▸ TASK OBJECTIVE:
At the line that holds "Moj Filipko ma", start repeating, and keep going exactly through the final line of the material; include both ends and skip the pictures.

(INPUT RECORDS Opens)

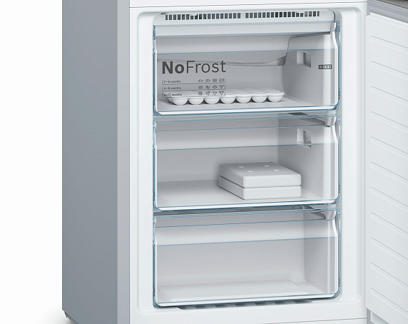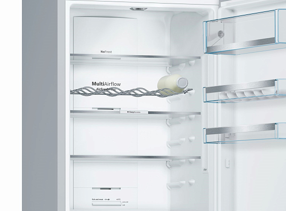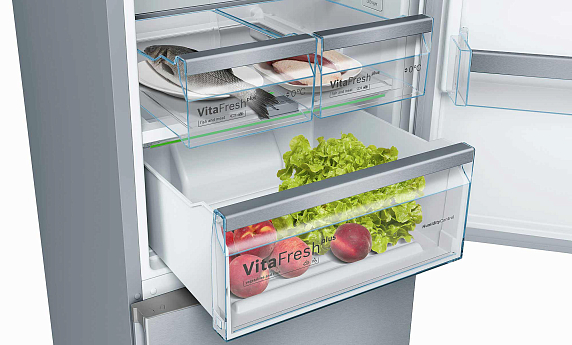 Особенности: настройка температуры около 0°C, ящик для хранения овощей/фруктов с 2 уровнями влажности, 2 ящика для хранения рыбы/мяса на специальных направляющих, которые можно выдвигать оба одновременно или по отдельности.
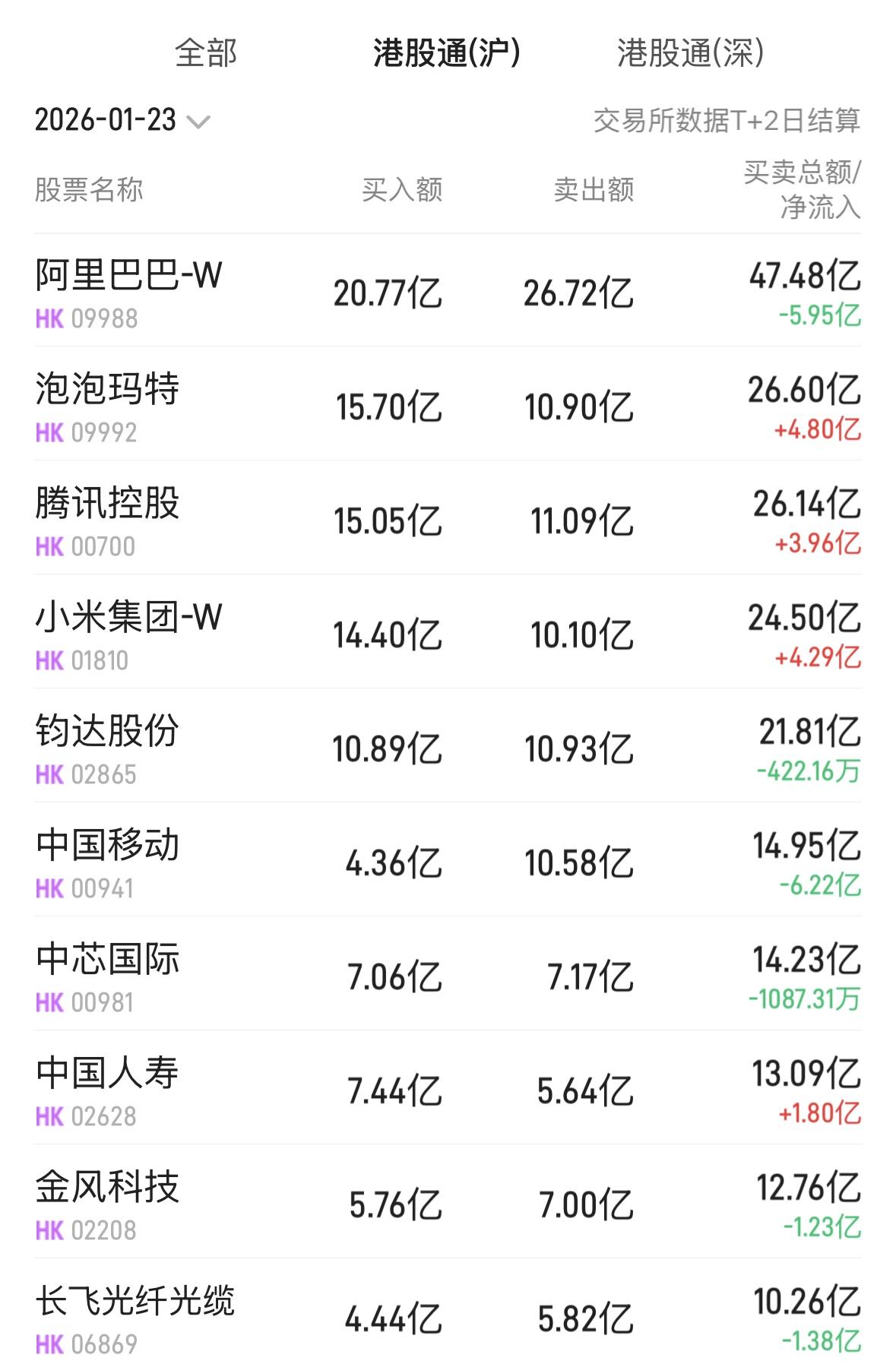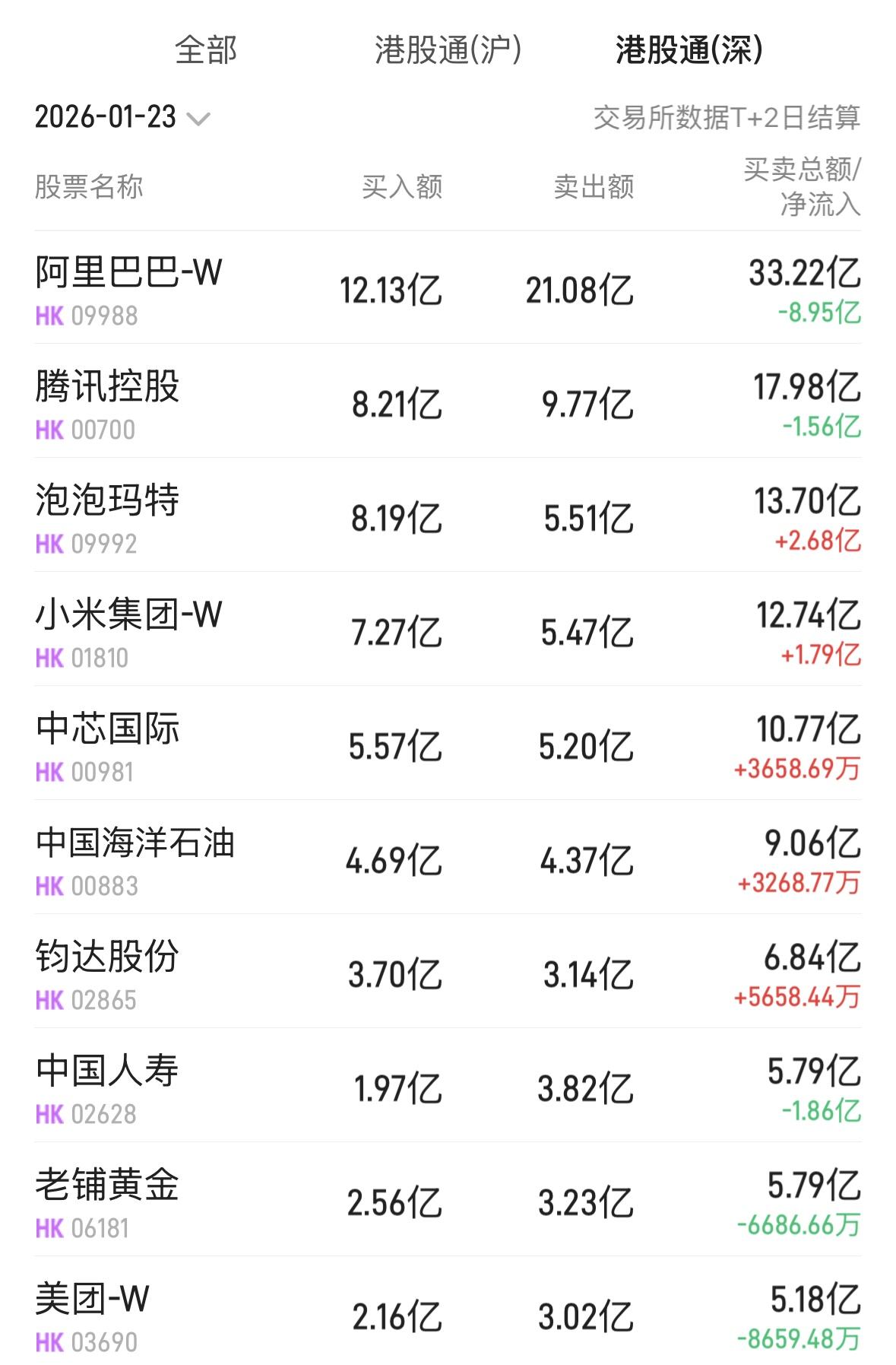1月23日港股市场,北水成交净卖出16.01亿港元,其中港股通(沪)成交净卖出5.6亿港元,港股通(深)成交净卖出10.41亿港元。
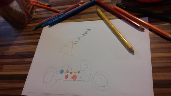 Moj Filipko ma 2r.10 mes. Ako kazdy chlapec miluje auta.Maminka nakreslila nakladak a Filipko dokreslit jabcka a travu 🙂
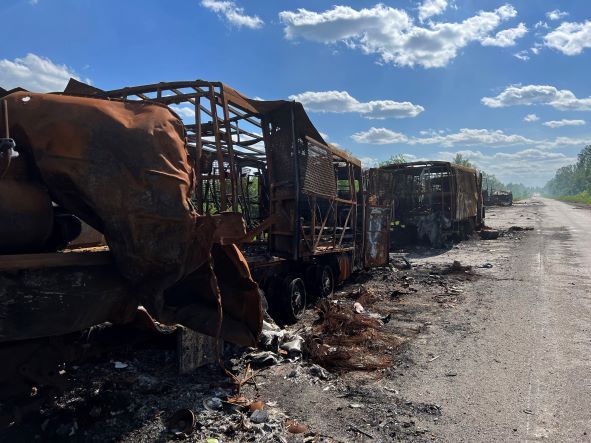 Un convoi de camions détruits par les bombes au Nord du DonbassA Severodonetsk, "les bombardements continuent (...) l'armée (russe) détruit tout simplement la ville", a assuré sur son compte Telegram le gouverneur de la région de Lougansk, Serguiï Gaïdaï. Selon lui, l'armée russe est entrée dans les faubourgs de la ville où elle a subi "de lourdes pertes", tandis que les forces ukrainiennes tentaient de déloger les Russes d'un hôtel.
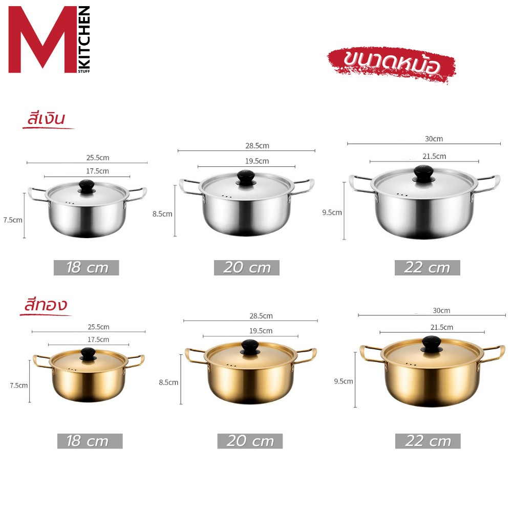 M KITCHEN หม้อ หม้อเกาหลี หม้อรามยอน หม้อสองหู พร้อมฝา หม้อทองเหลือง หม้อสแตนเลส หม้อมาม่า สามารถใช้ได้ทุกเตา ตัวเลือก 1.ขนาด 18 cm สูง 7.5 ความจุ 1500ml สีเงิน/ทอง 2.ขนาด 20 cm สูง 8.5 ความจุ 2200ml สีเงิน/ทอง 3.ขนาด 22 cm สูง 9.5 ความจุ 3000ml สีเงิน/ทอง - ผลิตจากสแตนเลส ไม่เป็นสนิม ทนทาน
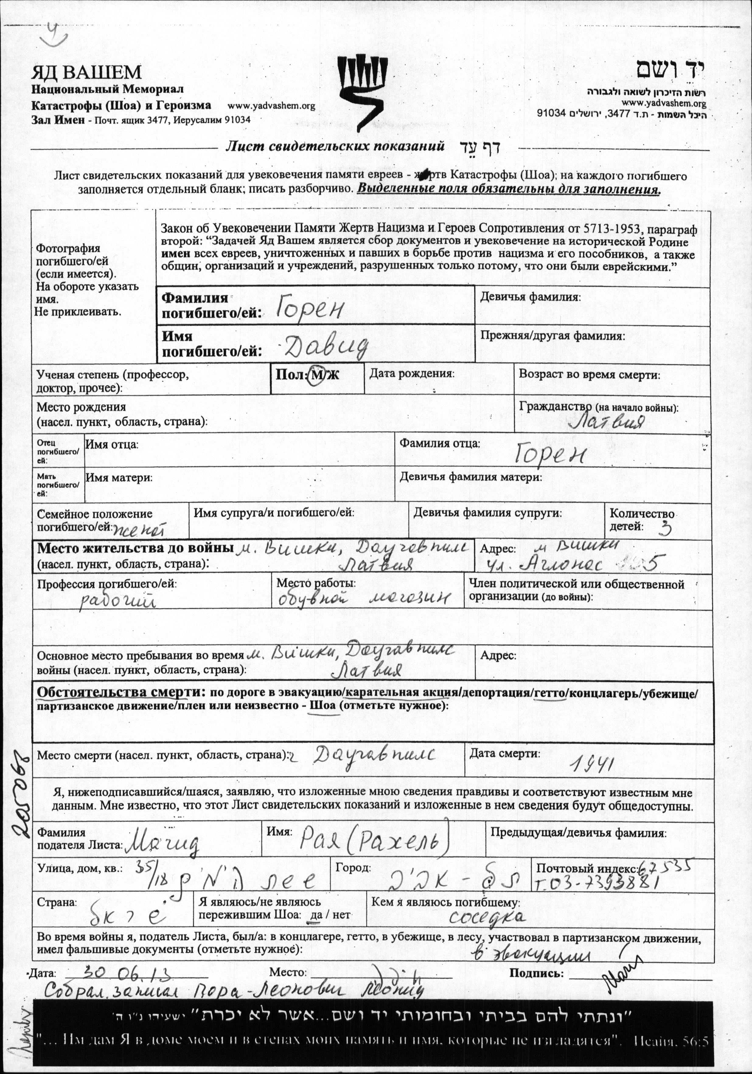 David a été assassiné pendant la Shoah. Lieu de la mort: Daugavpils, Lettonie en 1941.
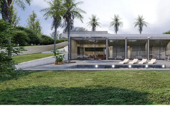 This urban plot of 2,109 m² is located in the Son Gual II development and comes with a project for the construction of a modern single-story villa. Designed to maximize natural light and views, the residence offers a clear separation between social and private areas, with generous outdoor spaces that include a large south-facing terrace and swimming pool.

(INPUT RECORDS Closes)

▸ TASK ANSWER:
 Moj Filipko ma 2r.10 mes. Ako kazdy chlapec miluje auta.Maminka nakreslila nakladak a Filipko dokreslit jabcka a travu 🙂
 Un convoi de camions détruits par les bombes au Nord du DonbassA Severodonetsk, "les bombardements continuent (...) l'armée (russe) détruit tout simplement la ville", a assuré sur son compte Telegram le gouverneur de la région de Lougansk, Serguiï Gaïdaï. Selon lui, l'armée russe est entrée dans les faubourgs de la ville où elle a subi "de lourdes pertes", tandis que les forces ukrainiennes tentaient de déloger les Russes d'un hôtel.
 M KITCHEN หม้อ หม้อเกาหลี หม้อรามยอน หม้อสองหู พร้อมฝา หม้อทองเหลือง หม้อสแตนเลส หม้อมาม่า สามารถใช้ได้ทุกเตา ตัวเลือก 1.ขนาด 18 cm สูง 7.5 ความจุ 1500ml สีเงิน/ทอง 2.ขนาด 20 cm สูง 8.5 ความจุ 2200ml สีเงิน/ทอง 3.ขนาด 22 cm สูง 9.5 ความจุ 3000ml สีเงิน/ทอง - ผลิตจากสแตนเลส ไม่เป็นสนิม ทนทาน
 David a été assassiné pendant la Shoah. Lieu de la mort: Daugavpils, Lettonie en 1941.
 This urban plot of 2,109 m² is located in the Son Gual II development and comes with a project for the construction of a modern single-story villa. Designed to maximize natural light and views, the residence offers a clear separation between social and private areas, with generous outdoor spaces that include a large south-facing terrace and swimming pool.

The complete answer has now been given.